*** Opening of Source records ***

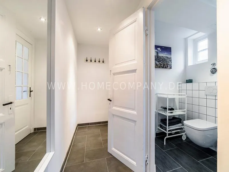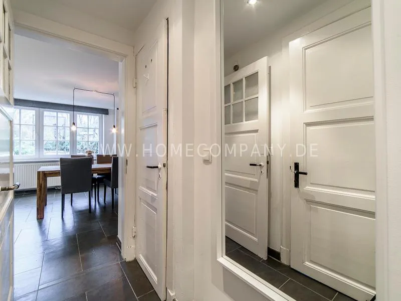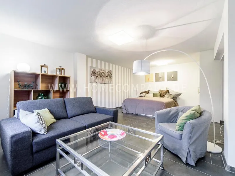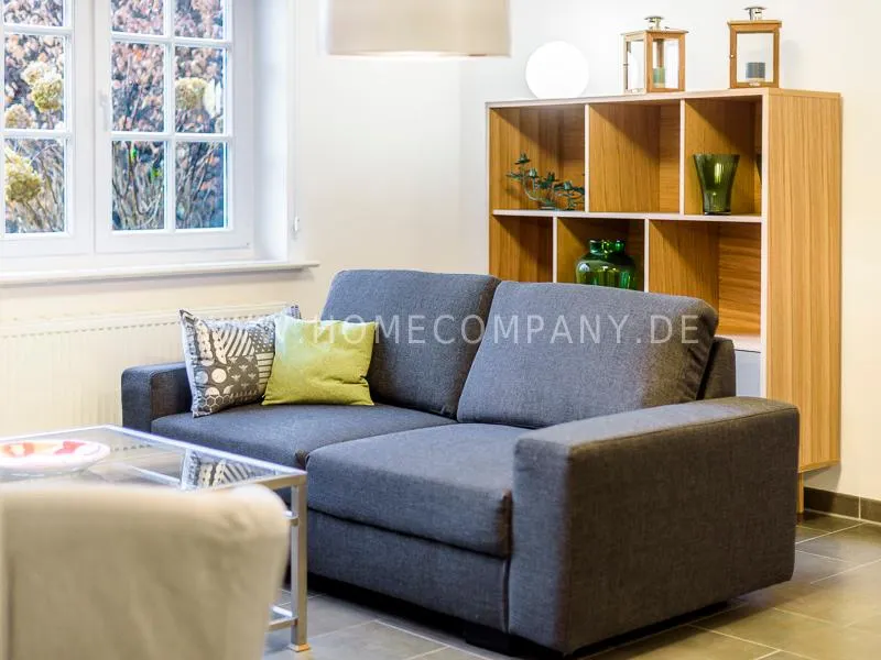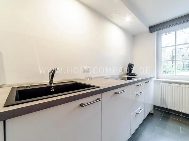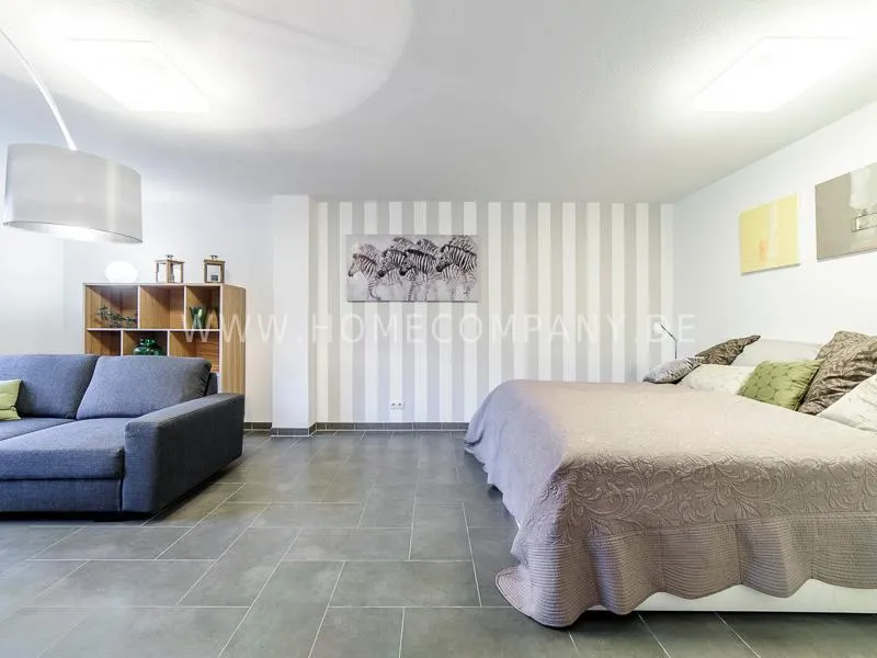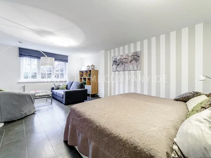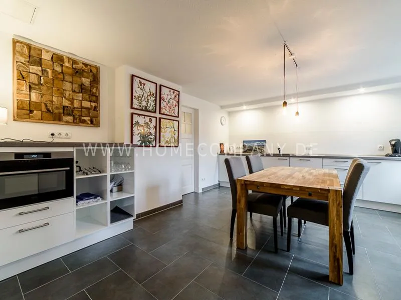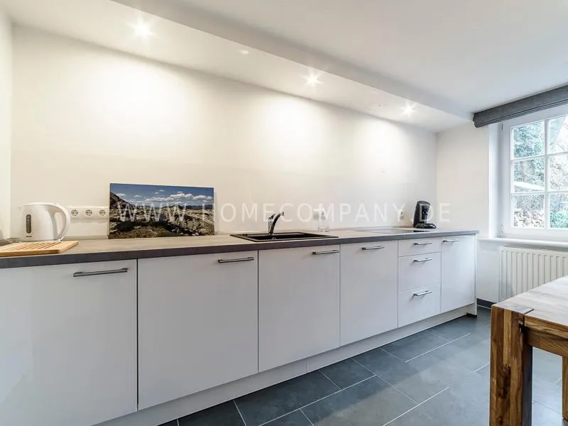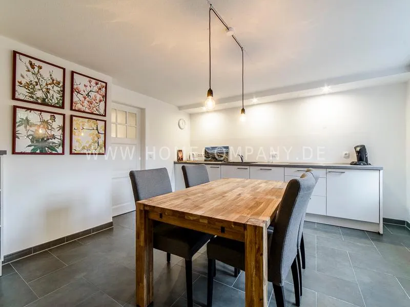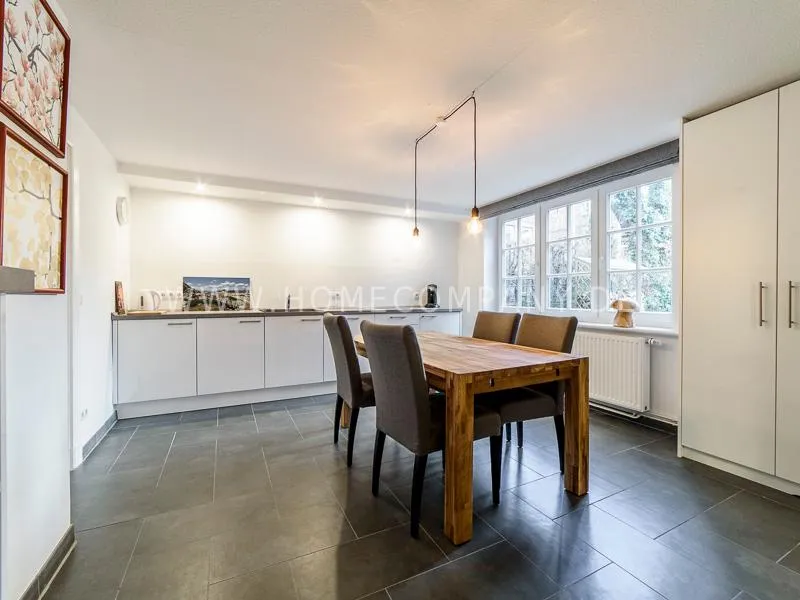 Beautifully located flat on the ground floor of an old brick villa. The floor plan is open and designed like a loft. In addition to the living and sleeping area is a very large kitchen with a table for 4 people available. From the living area, as well as from the kitchen you look into the idyllic garden. The street space offers sufficient parking spaces for cars.
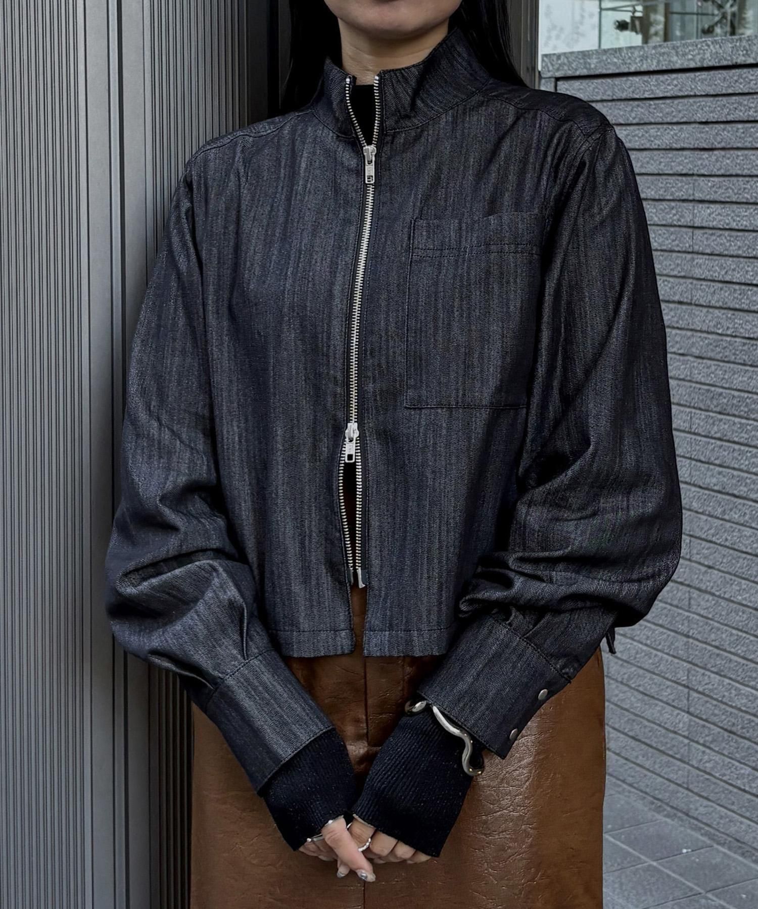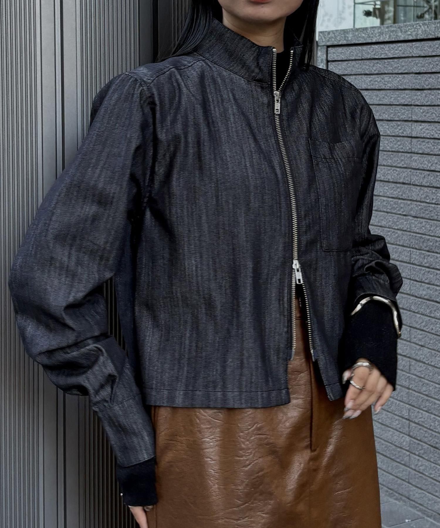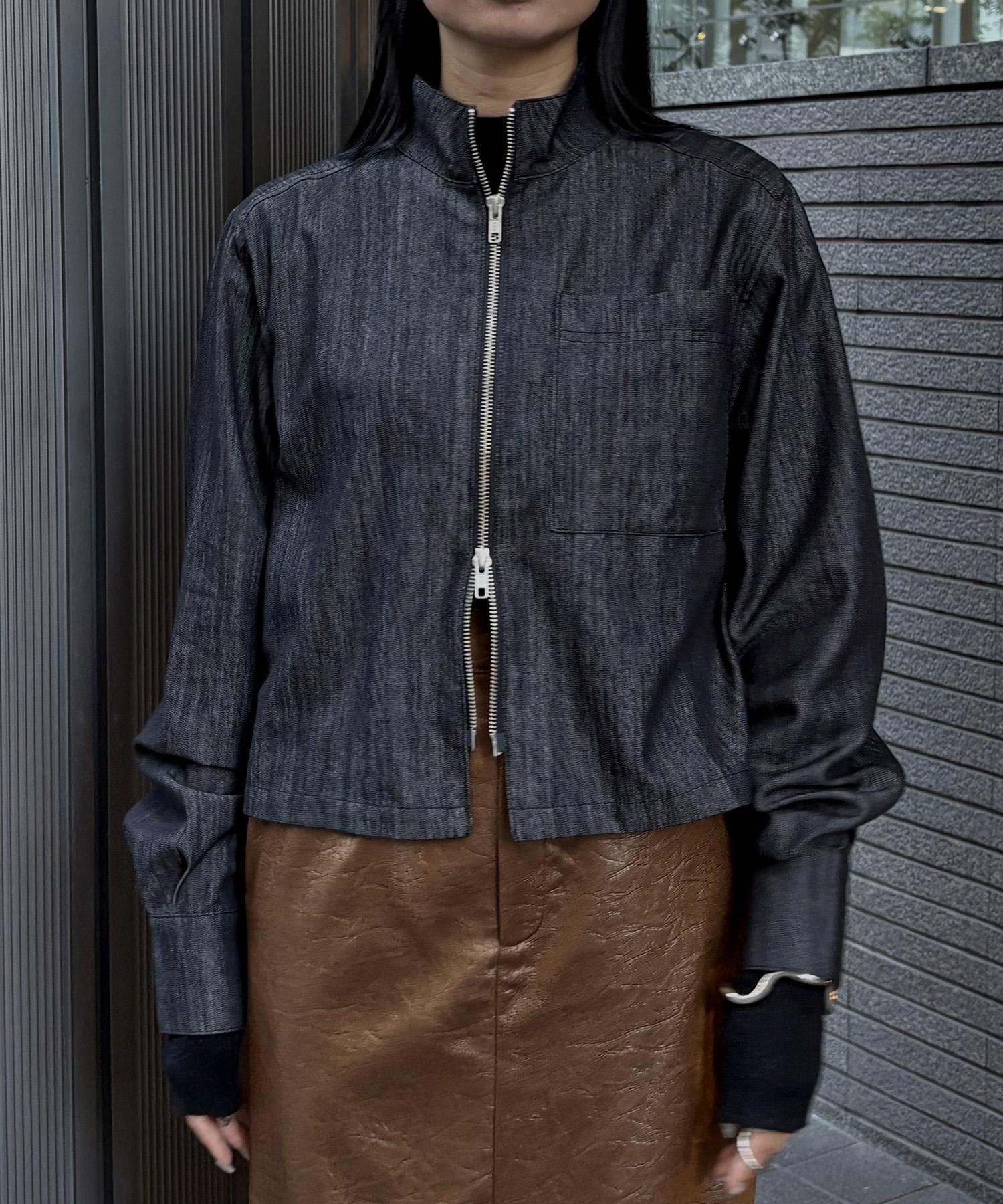 高めの衿とシルバーパーツで、&g’aimeらしいモードなテイストを演出。
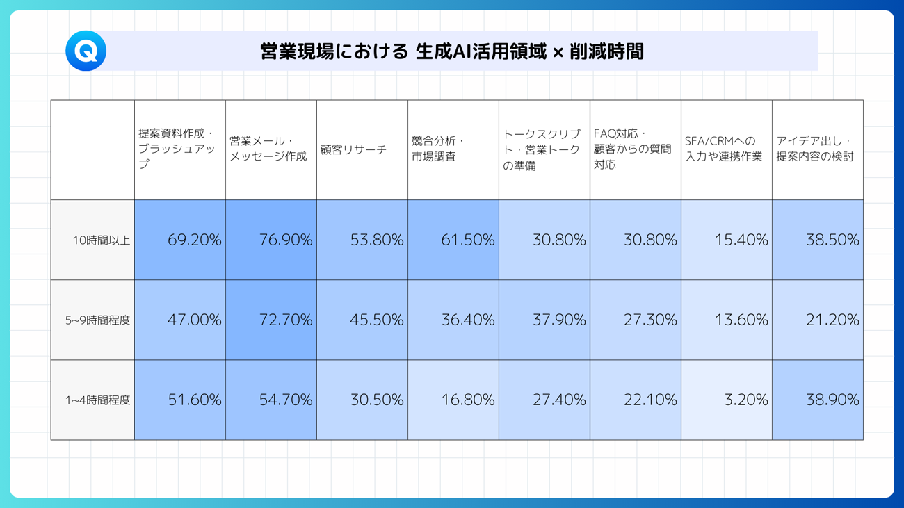 メールや資料作成といった効率化領域を超え、営業戦略や顧客理解といった領域への期待が高まっていることがわかった。
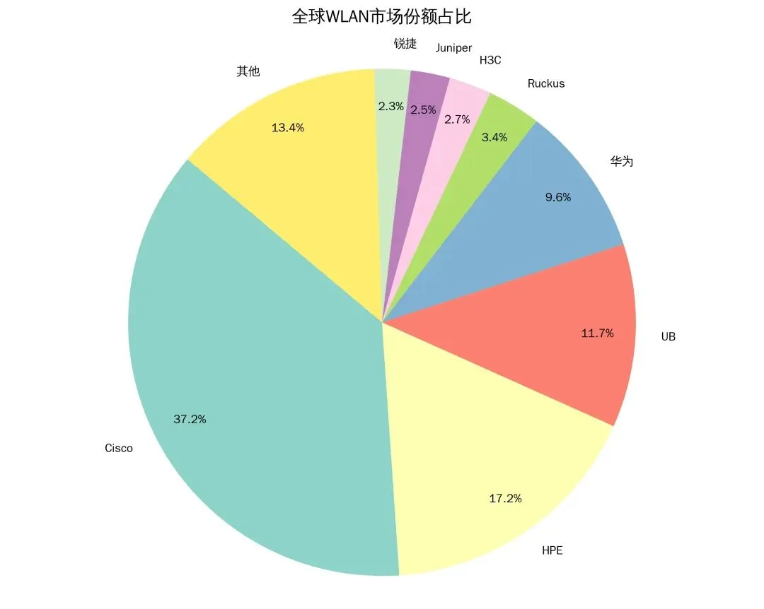 3)全球WLAN市场,Cisco占比37.2%,HPE占17.2%,UB占比11.7%比24年增长53%,华为第四占9.6%,Juniper下滑超过45%占比仅有2.5%。
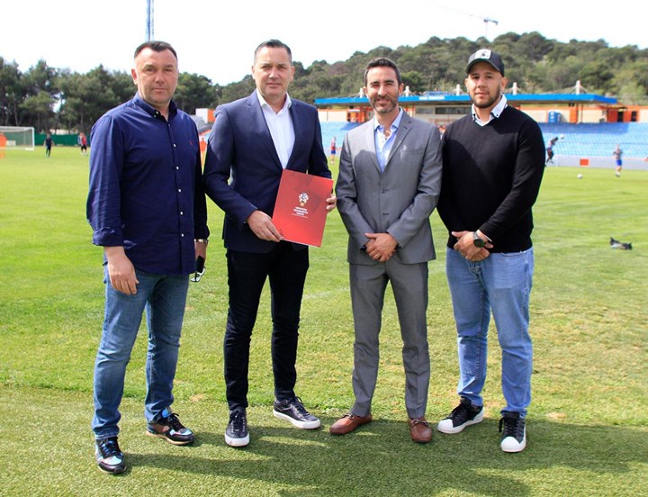 Izvršni direktor HNS-a, Marijan Kustić, potpisao je ugovor s predsjednikom šibenskoga prvoligaša, Josipom Bulatom, odnosno predstavnicima vlasnika, kompanije FSI d.o.o., Franciscom Cardonom i Eduardom Zapatom. Hrvatski nogometni savez predstavljali su i član Izvršnog odbora i predsjednik Komisije za infrastrukturu, Nenad Horvatić, odnosno voditeljica infrastrukture, Andrea Dokuš.
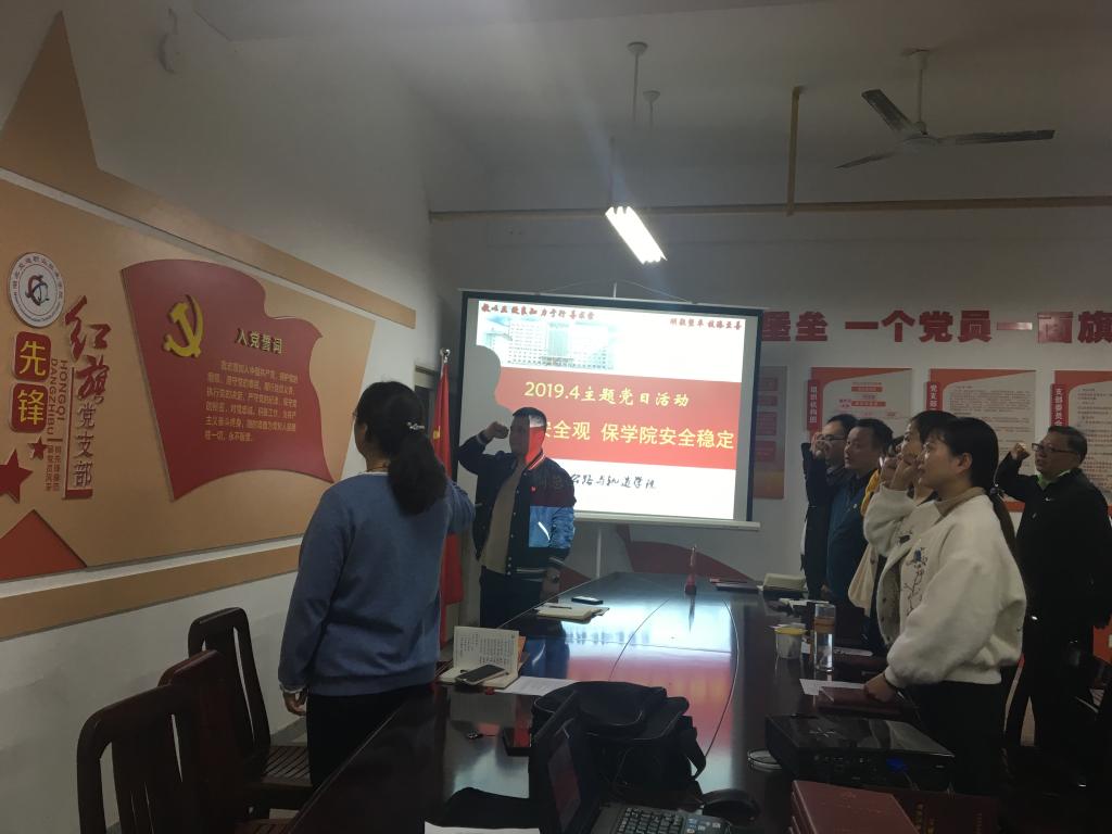 主题党日活动按照“4+N”模式进行,缴纳党费、奏唱国歌、重温入党誓词、学习《党章》总纲第九自然段,并集中学习了第十三届全国人大二次会议政府工作报告,传达并学习了习近平总书记参加部分代表团2019审议“两会”的报道、全省教育大会精神、习近平同志在学校思想政治理论课教师座谈会上的重要讲话精神、《蒋超良在省纪委第十一届三次全体会议上的讲话》、《王立山在省纪委十一届三次全会上的报告》。
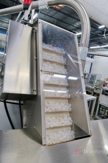 Plastic Bottle Cap Finishing System, Including: S.A. Grillet Daniel Incline Conveyor, Green Box Cap Cooler, PSG PackSys Global SFG 2 Cap Hopper/Elevator, PSG PackSys Global RF 1-H, Astromecag CH-3074 Muri Serpentine Accumulator Conveyor, IMD Vista Electrode EFK12 Spark Tester, PSG MSM 5-FSH Folder/Slitter, IMD CapMaster Closure Testing System, PTSE Material Blower H100/2 G1G-R
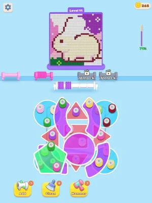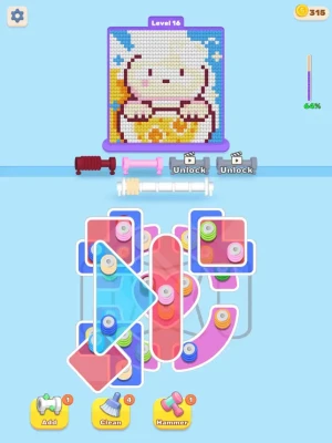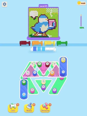 Dive into a colorful world filled with soft textures and creative challenges. Your goal is to pick the right yarn spools and sort them into matching color bars. As each bar fills up, a beautiful pixel art image begins to take shape. With each completed artwork, you’ll experience the simple joy of bringing order and color to chaos.Whether you're a fan of relaxing ASMR puzzles or clever sorting challenges, Wool Sort: Color Puzzle offers a peaceful escape that exercises your mind without pressure.
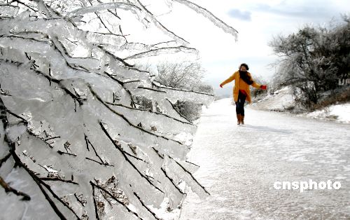 1月12日,雪后的江蘇連云港美不勝收。11日夜間連云港降下2008年第一場(chǎng)雪。連云港云臺(tái)山脈穿上一層白色冰衣,千姿百態(tài),冰掛和雪凇宛如美麗的童話(huà)世界。中新社發(fā) 王健民 攝
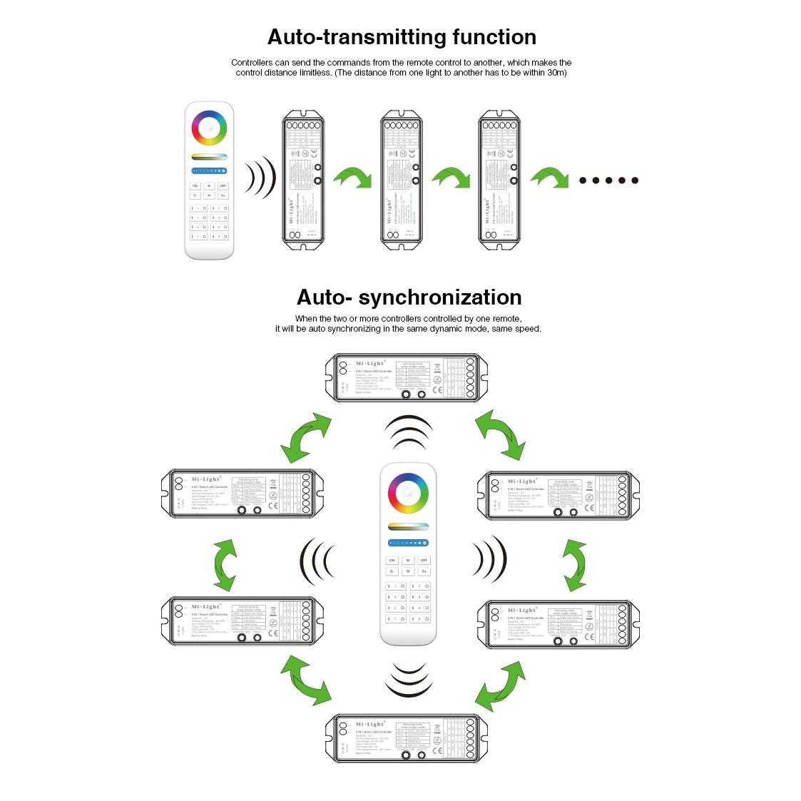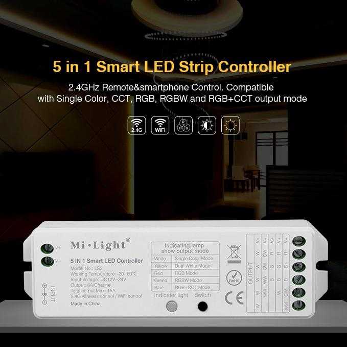 Контроллер Mi-Light LS2 для светодиодной ленты. Работает с пультом FUT089 (арт.57350) и панелью В8 (арт.57351). Стабильный прием сигнала на удалении до 30 метров. Напряжение питания 12-24V, выходной ток до 6A на канал, 5 каналов, общая мощность 12V- 180W, 24V- 360W, рабочая частота 2,4GHz. Размеры 124x38x23мм. Вес 60г.
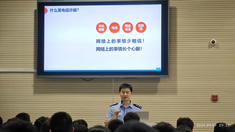 丁仁杰警官首先向新生们介绍了9种常见的电信网络诈骗类型,并用生动的案例帮助同学们深入了解当下电信网络诈骗的多样性和复杂性,教授同学们不同骗术的识别方法,努力提高同学的防骗意识,积极营造美丽安全的网络环境。
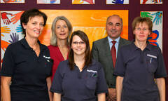 Bei der gemeinsamen Inbetriebnahme der neuen Geräte: Der ärztliche Direktor des Landesklinikums Baden-Mödling Prim. Univ.-Doz. Dr. Johann Pidlich, Prim. Dr. Karin Köhrer, MSc, MBA, BMA Margit Leitner, BMA Patricia Schwedenwein und BMA Martina Putz
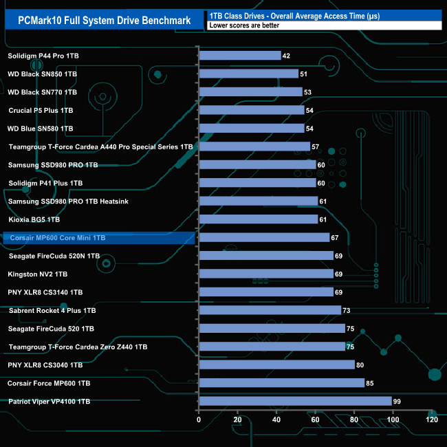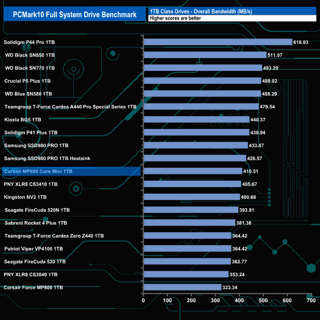 The overall bandwidth figure of 410.51MB/s sees the 1TB Corsair MP600 Core Mini sitting in a lower mid-table position.

*** Close of Source records ***

**What you will do**
Only the text of the listing above is wanted, transcribed exactly, without its images.

**Exercise solution**
 Beautifully located flat on the ground floor of an old brick villa. The floor plan is open and designed like a loft. In addition to the living and sleeping area is a very large kitchen with a table for 4 people available. From the living area, as well as from the kitchen you look into the idyllic garden. The street space offers sufficient parking spaces for cars.
 高めの衿とシルバーパーツで、&g’aimeらしいモードなテイストを演出。
 メールや資料作成といった効率化領域を超え、営業戦略や顧客理解といった領域への期待が高まっていることがわかった。
 3)全球WLAN市场,Cisco占比37.2%,HPE占17.2%,UB占比11.7%比24年增长53%,华为第四占9.6%,Juniper下滑超过45%占比仅有2.5%。
 Izvršni direktor HNS-a, Marijan Kustić, potpisao je ugovor s predsjednikom šibenskoga prvoligaša, Josipom Bulatom, odnosno predstavnicima vlasnika, kompanije FSI d.o.o., Franciscom Cardonom i Eduardom Zapatom. Hrvatski nogometni savez predstavljali su i član Izvršnog odbora i predsjednik Komisije za infrastrukturu, Nenad Horvatić, odnosno voditeljica infrastrukture, Andrea Dokuš.
 主题党日活动按照“4+N”模式进行,缴纳党费、奏唱国歌、重温入党誓词、学习《党章》总纲第九自然段,并集中学习了第十三届全国人大二次会议政府工作报告,传达并学习了习近平总书记参加部分代表团2019审议“两会”的报道、全省教育大会精神、习近平同志在学校思想政治理论课教师座谈会上的重要讲话精神、《蒋超良在省纪委第十一届三次全体会议上的讲话》、《王立山在省纪委十一届三次全会上的报告》。
 Plastic Bottle Cap Finishing System, Including: S.A. Grillet Daniel Incline Conveyor, Green Box Cap Cooler, PSG PackSys Global SFG 2 Cap Hopper/Elevator, PSG PackSys Global RF 1-H, Astromecag CH-3074 Muri Serpentine Accumulator Conveyor, IMD Vista Electrode EFK12 Spark Tester, PSG MSM 5-FSH Folder/Slitter, IMD CapMaster Closure Testing System, PTSE Material Blower H100/2 G1G-R
 Dive into a colorful world filled with soft textures and creative challenges. Your goal is to pick the right yarn spools and sort them into matching color bars. As each bar fills up, a beautiful pixel art image begins to take shape. With each completed artwork, you’ll experience the simple joy of bringing order and color to chaos.Whether you're a fan of relaxing ASMR puzzles or clever sorting challenges, Wool Sort: Color Puzzle offers a peaceful escape that exercises your mind without pressure.
 1月12日,雪后的江蘇連云港美不勝收。11日夜間連云港降下2008年第一場(chǎng)雪。連云港云臺(tái)山脈穿上一層白色冰衣,千姿百態(tài),冰掛和雪凇宛如美麗的童話(huà)世界。中新社發(fā) 王健民 攝
 Контроллер Mi-Light LS2 для светодиодной ленты. Работает с пультом FUT089 (арт.57350) и панелью В8 (арт.57351). Стабильный прием сигнала на удалении до 30 метров. Напряжение питания 12-24V, выходной ток до 6A на канал, 5 каналов, общая мощность 12V- 180W, 24V- 360W, рабочая частота 2,4GHz. Размеры 124x38x23мм. Вес 60г.
 丁仁杰警官首先向新生们介绍了9种常见的电信网络诈骗类型,并用生动的案例帮助同学们深入了解当下电信网络诈骗的多样性和复杂性,教授同学们不同骗术的识别方法,努力提高同学的防骗意识,积极营造美丽安全的网络环境。
 Bei der gemeinsamen Inbetriebnahme der neuen Geräte: Der ärztliche Direktor des Landesklinikums Baden-Mödling Prim. Univ.-Doz. Dr. Johann Pidlich, Prim. Dr. Karin Köhrer, MSc, MBA, BMA Margit Leitner, BMA Patricia Schwedenwein und BMA Martina Putz
 The overall bandwidth figure of 410.51MB/s sees the 1TB Corsair MP600 Core Mini sitting in a lower mid-table position.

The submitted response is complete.